Task prompt
Word for word, restate the lines of the listing below from the line with "木芙蓉,锦葵科木槿属落叶灌木" through the line with "1958年,邓广铭教授与夫人窦珍茹、女儿邓可因、可蕴、小南在一起", and do not include the pictures.

Dataset records
··········

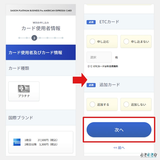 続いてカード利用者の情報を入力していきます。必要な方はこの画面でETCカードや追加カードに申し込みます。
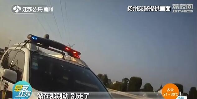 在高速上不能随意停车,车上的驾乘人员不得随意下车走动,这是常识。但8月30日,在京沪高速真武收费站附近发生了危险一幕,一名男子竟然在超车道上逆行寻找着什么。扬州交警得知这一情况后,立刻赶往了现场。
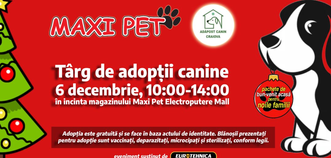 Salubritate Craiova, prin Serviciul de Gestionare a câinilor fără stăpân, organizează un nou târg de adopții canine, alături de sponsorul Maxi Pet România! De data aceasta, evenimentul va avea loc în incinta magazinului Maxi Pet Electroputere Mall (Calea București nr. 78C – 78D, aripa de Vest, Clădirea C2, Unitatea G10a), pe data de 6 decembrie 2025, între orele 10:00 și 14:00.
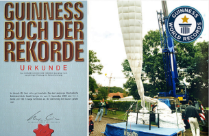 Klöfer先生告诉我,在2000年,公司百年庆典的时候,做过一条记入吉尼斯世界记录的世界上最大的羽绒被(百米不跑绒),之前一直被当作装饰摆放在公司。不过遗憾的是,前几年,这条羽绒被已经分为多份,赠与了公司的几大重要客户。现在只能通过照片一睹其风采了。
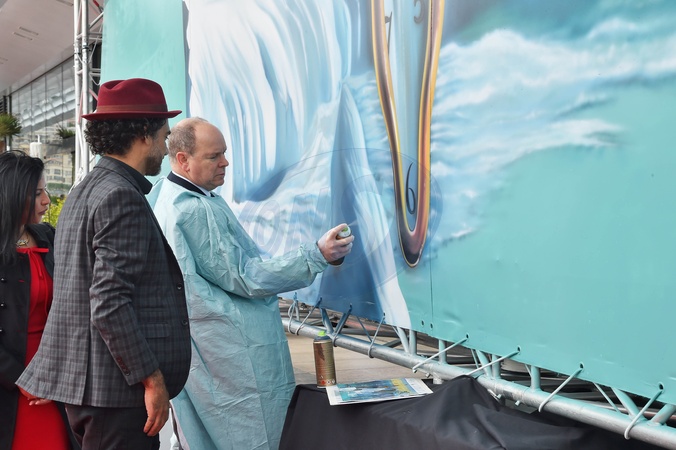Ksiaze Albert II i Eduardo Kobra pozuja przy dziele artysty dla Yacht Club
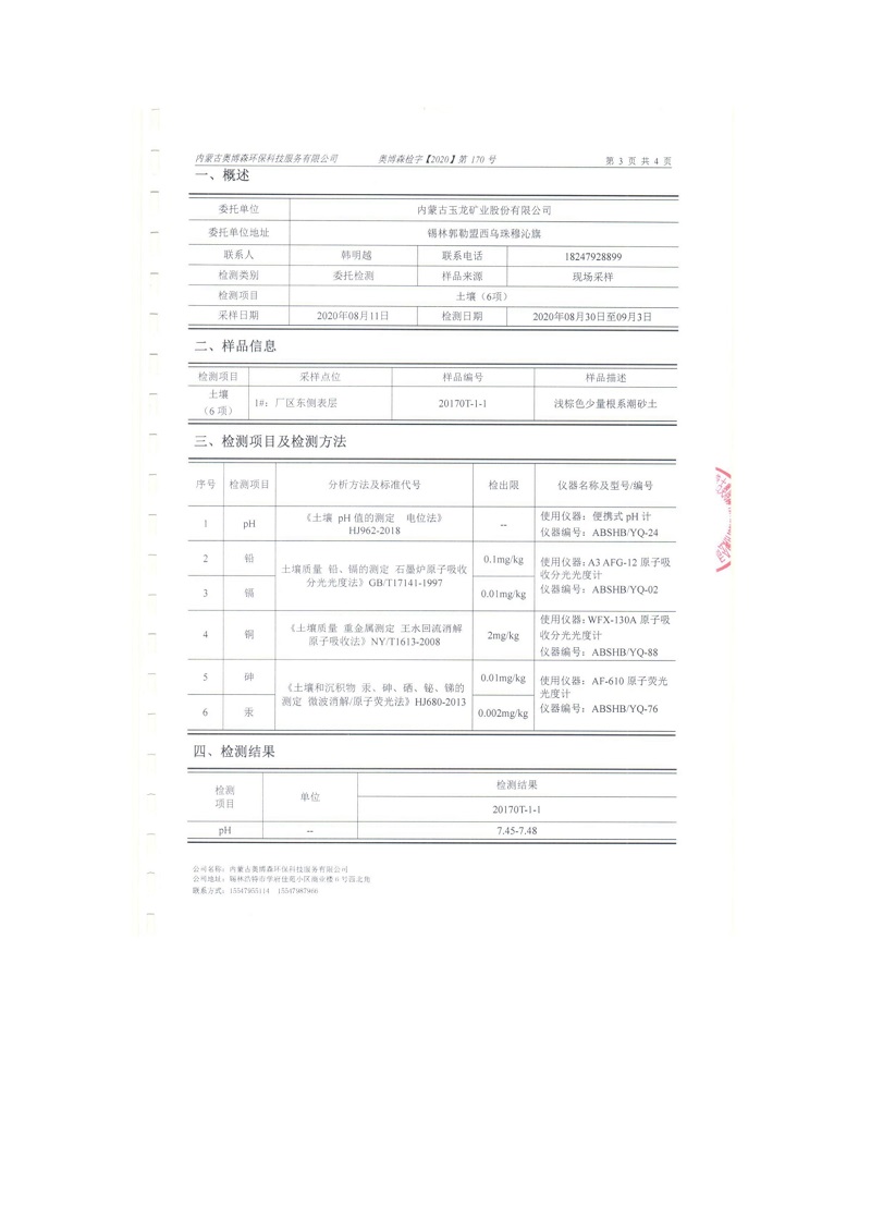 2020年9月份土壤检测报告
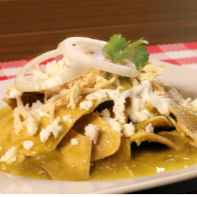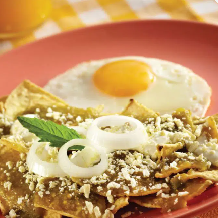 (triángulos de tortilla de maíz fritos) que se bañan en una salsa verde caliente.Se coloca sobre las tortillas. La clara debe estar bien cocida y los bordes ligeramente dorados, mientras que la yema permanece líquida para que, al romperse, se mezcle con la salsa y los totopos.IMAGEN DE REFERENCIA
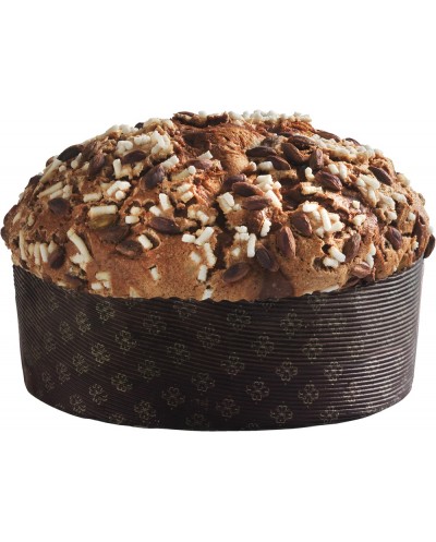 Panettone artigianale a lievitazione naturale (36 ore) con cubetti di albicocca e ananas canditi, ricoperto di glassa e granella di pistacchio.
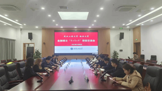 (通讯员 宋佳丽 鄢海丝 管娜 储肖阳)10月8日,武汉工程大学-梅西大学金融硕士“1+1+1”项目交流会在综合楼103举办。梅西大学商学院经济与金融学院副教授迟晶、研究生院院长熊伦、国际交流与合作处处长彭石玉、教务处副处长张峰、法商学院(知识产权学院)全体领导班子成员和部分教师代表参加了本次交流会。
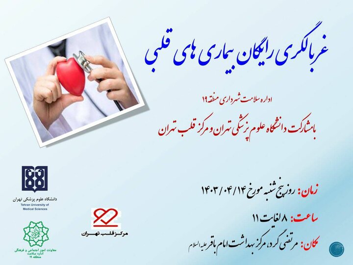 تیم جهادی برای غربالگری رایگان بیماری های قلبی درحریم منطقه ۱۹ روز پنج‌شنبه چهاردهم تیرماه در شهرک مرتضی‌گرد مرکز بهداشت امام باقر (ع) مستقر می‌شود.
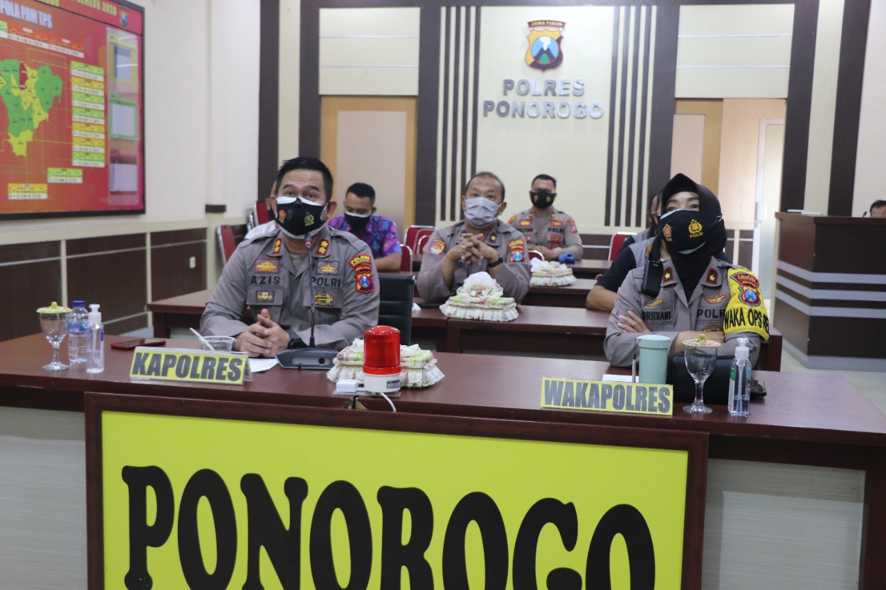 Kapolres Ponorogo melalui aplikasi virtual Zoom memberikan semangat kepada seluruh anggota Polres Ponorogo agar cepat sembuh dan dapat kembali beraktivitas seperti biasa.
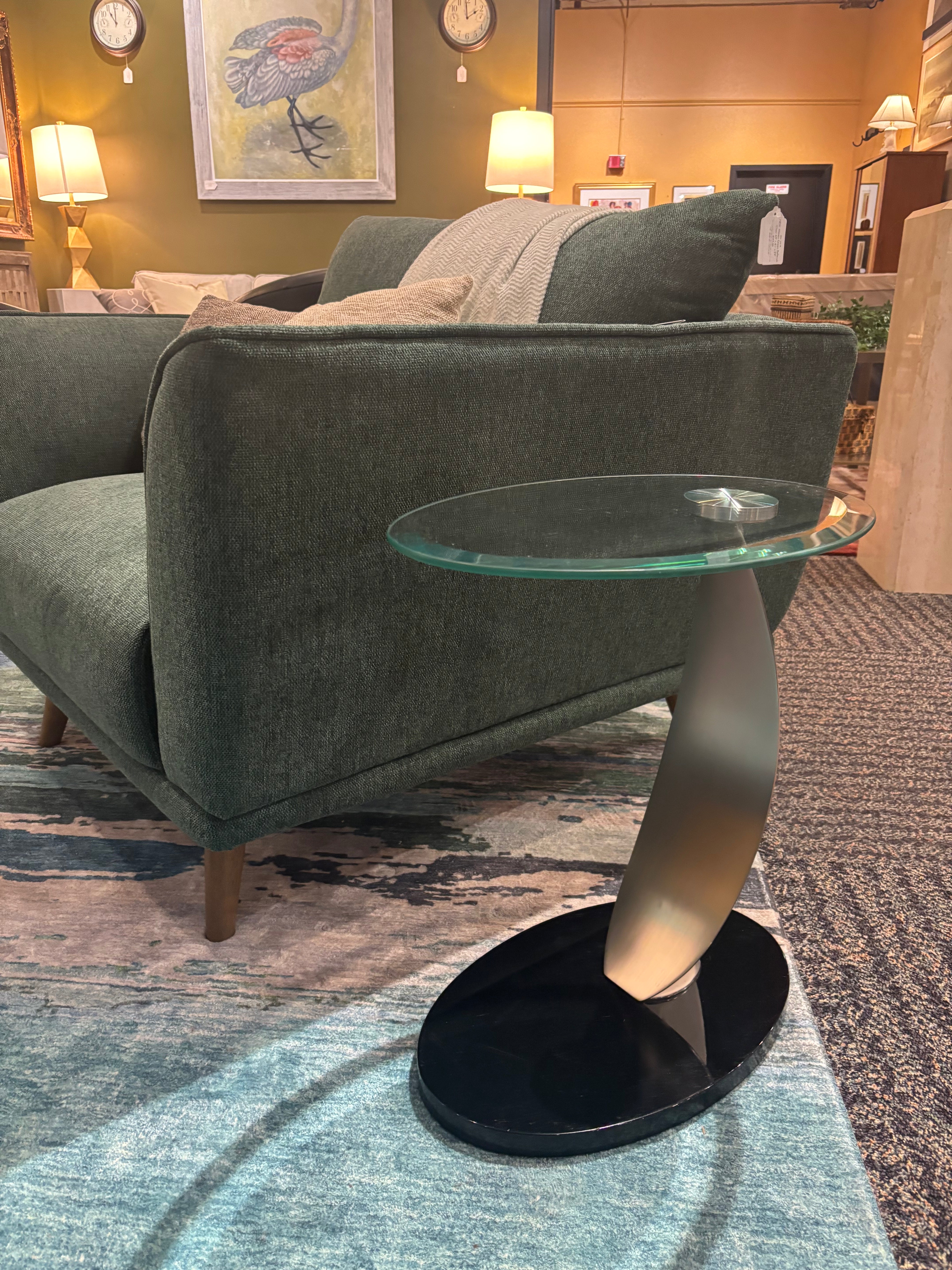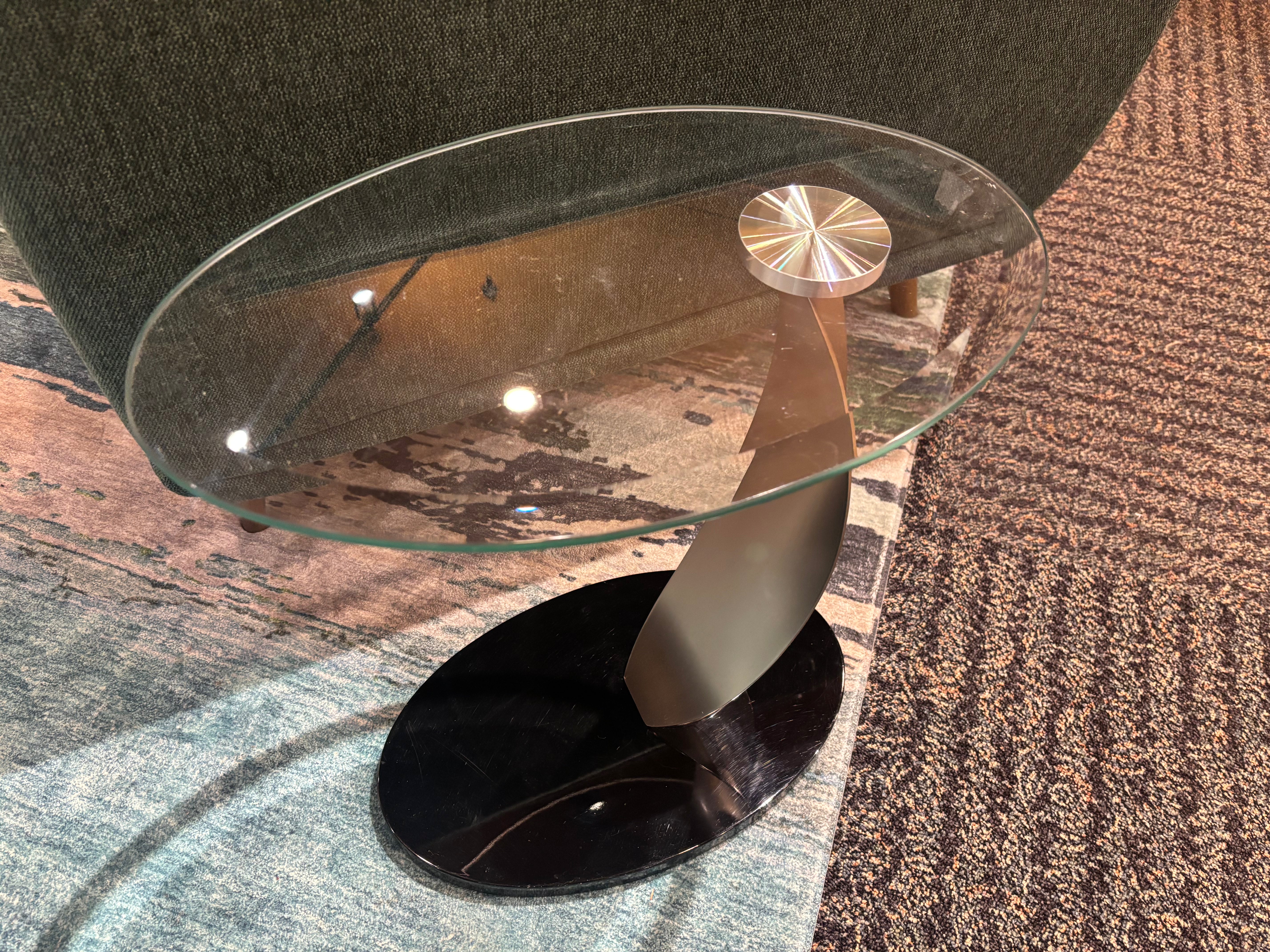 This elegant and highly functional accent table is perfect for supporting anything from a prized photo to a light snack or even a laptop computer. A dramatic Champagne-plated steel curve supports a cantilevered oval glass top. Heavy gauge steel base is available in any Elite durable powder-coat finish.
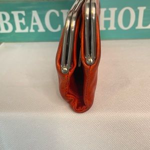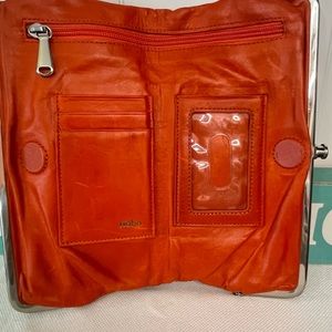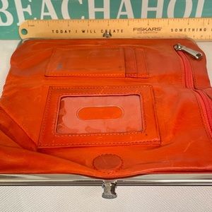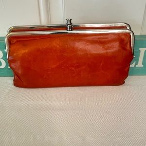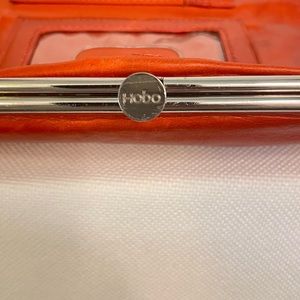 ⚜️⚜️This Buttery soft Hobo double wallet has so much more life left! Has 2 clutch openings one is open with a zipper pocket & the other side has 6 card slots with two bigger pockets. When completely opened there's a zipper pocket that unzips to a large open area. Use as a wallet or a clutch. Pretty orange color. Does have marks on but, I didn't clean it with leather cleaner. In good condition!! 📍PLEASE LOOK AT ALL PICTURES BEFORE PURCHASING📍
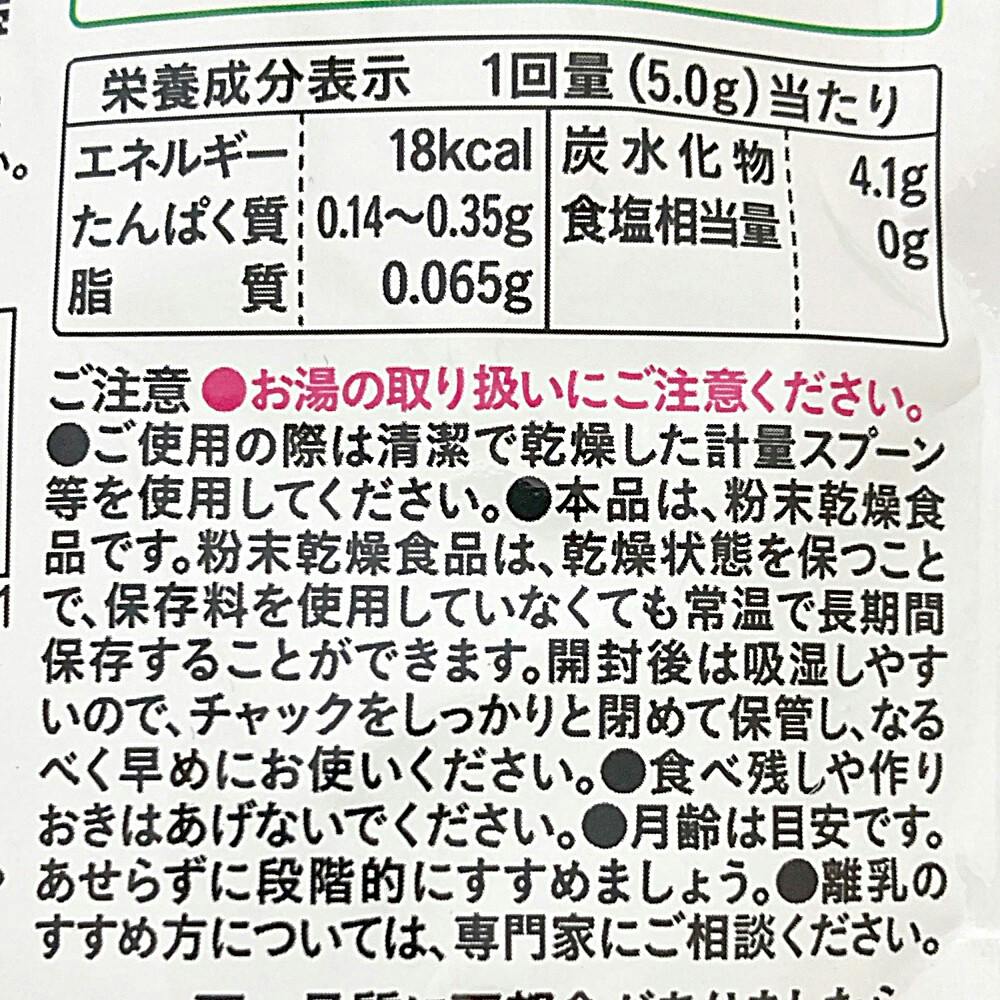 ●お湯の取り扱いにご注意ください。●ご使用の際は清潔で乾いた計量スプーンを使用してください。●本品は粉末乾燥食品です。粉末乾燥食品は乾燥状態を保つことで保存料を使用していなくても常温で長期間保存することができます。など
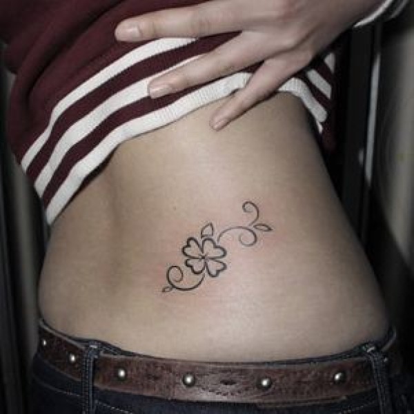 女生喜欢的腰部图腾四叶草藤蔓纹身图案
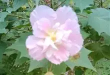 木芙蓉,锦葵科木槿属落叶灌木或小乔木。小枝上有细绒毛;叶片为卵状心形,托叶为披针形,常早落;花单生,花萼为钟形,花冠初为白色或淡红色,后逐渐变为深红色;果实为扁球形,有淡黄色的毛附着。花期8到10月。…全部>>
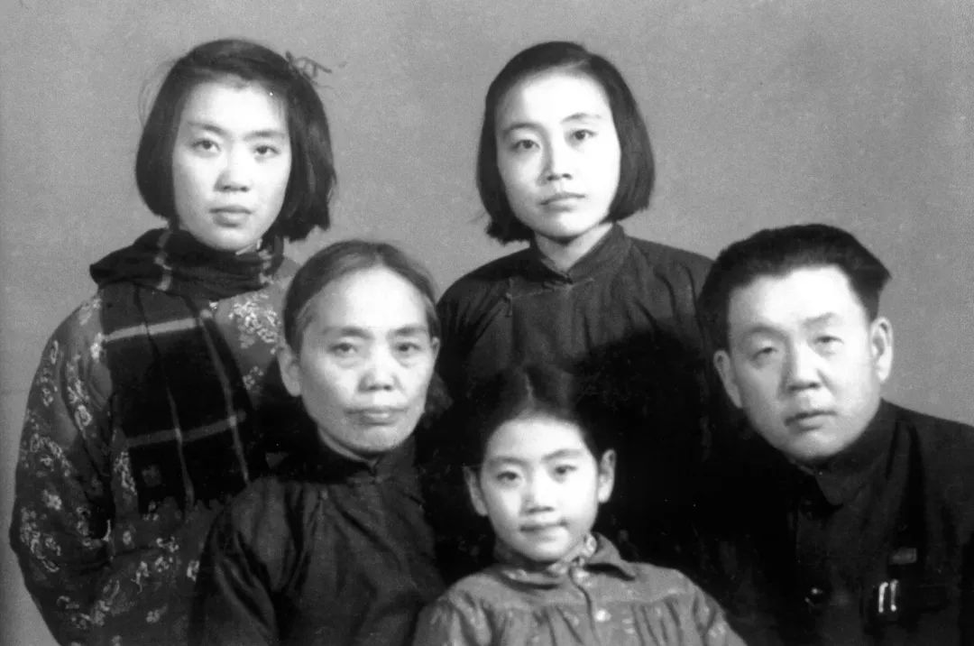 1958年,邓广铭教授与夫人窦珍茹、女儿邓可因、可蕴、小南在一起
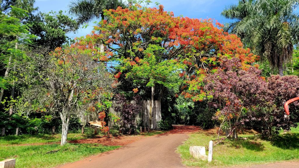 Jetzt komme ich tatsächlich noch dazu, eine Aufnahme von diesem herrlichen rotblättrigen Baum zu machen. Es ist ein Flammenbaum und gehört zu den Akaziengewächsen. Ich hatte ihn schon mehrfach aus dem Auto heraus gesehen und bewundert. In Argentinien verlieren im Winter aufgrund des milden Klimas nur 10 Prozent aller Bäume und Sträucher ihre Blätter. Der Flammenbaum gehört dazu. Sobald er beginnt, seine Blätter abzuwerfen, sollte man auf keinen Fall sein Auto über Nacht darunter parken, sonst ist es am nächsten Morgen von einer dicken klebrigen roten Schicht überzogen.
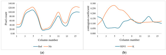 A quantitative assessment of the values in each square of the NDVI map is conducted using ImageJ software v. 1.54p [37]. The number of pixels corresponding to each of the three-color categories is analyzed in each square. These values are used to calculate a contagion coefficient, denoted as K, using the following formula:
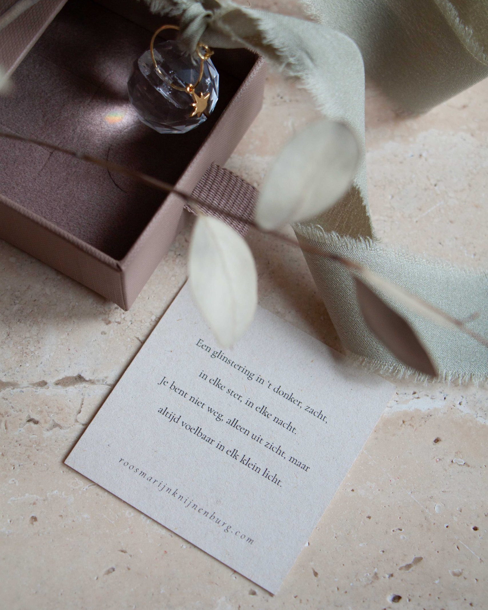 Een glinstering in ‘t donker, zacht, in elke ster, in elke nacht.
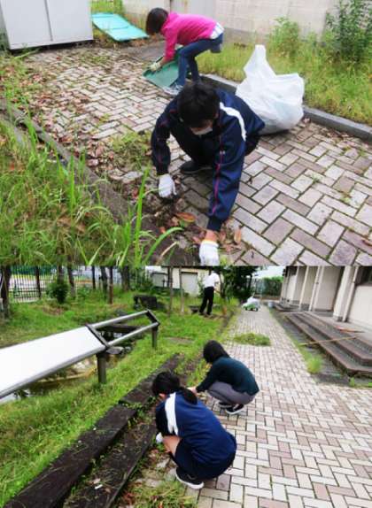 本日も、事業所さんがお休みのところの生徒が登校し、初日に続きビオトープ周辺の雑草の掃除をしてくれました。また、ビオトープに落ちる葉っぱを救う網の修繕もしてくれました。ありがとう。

··········

Exercise result
 木芙蓉,锦葵科木槿属落叶灌木或小乔木。小枝上有细绒毛;叶片为卵状心形,托叶为披针形,常早落;花单生,花萼为钟形,花冠初为白色或淡红色,后逐渐变为深红色;果实为扁球形,有淡黄色的毛附着。花期8到10月。…全部>>
 1958年,邓广铭教授与夫人窦珍茹、女儿邓可因、可蕴、小南在一起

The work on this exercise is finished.